Het Brout-Englert-Higgsveld (BEH-veld of kortweg Higgsveld) is een hypothetisch energieveld, dat volgens de theorie de massa van de elementaire deeltjes veroorzaakt. Het BEH-veld heeft de status van een wetenschappelijke hypothese (veronderstelling): het zou moeten bestaan om het standaardmodel van de deeltjesfysica kloppend te maken. Bepaalde excitaties van het BEH-veld noemt men higgsbosonen. Op 4 juli 2012 werd door wetenschappers van CERN officieel bekendgemaakt dat het higgsboson waarschijnlijk experimenteel ontdekt is, hoewel nieuwe metingen nog uitsluitsel moeten geven.[1]

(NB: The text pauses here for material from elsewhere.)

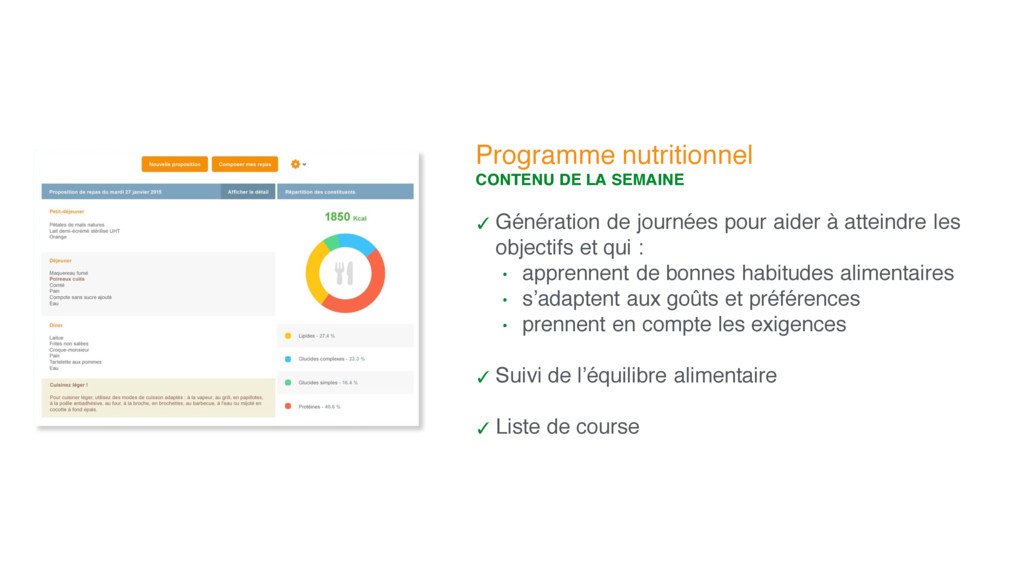 pour aider à atteindre les objectifs et qui : • apprennent de bonnes habitudes alimentaires • s’adaptent aux goûts et préférences • prennent en compte les exigences ✓ Suivi de l’équilibre alimentaire ✓ Liste de course

Zonder massa (traagheid) is het kleinste duwtje al genoeg om iets snel weg te laten schieten, dus zou alles met de lichtsnelheid door elkaar heen moeten vliegen. Dat is klaarblijkelijk niet zo, en op 31 augustus 1964 publiceerden de Belgische natuurkundigen François Englert en Robert Brout een manier om de massa van elementaire deeltjes te verklaren.[2] Het higgsboson, waarnaar sinds 2008 met de Large Hadron Collider gezocht wordt, werd echter vernoemd naar Peter Higgs, die op 15 september 1964, dus na Englert en Brout, een soortgelijke theorie publiceerde. Het BEH-veld verklaart het bestaan van traagheid met de toevoeging van een extra energieveld aan het standaardmodel.

Simplistisch gezegd zijn higgsbosonen de klontjes in een dikke soep (het BEH-veld) waar alle deeltjes doorheen bewegen; hoe meer higgsbosonen er aan een deeltje 'blijven plakken', hoe moeilijker het beweegt en hoe meer massa het deeltje dat erdoorheen beweegt dus heeft. Het BEH-veld zou een alom aanwezig energieveld moeten zijn, waar alle deeltjes hun massa aan ontlenen.

Fysisch-technische eigenschappen

[bewerken | brontekst bewerken]

In de technische formulering komt het BEH-veld tot stand door spontane lokale symmetriebreking, waarvan het higgsboson het Goldstone-boson is. Het veld heeft twee complexwaardige vrijheidsgraden. Het koppelt aan de andere velden met een Yukawa-koppeling, waarvan de koppelingsconstante evenredig is met de massa van het andere deeltje. Een bijzondere eigenschap van het veld is, dat het zijn laagste energieniveau niet bij veldwaarde 0, maar een specifieke positieve veldsterkte heeft.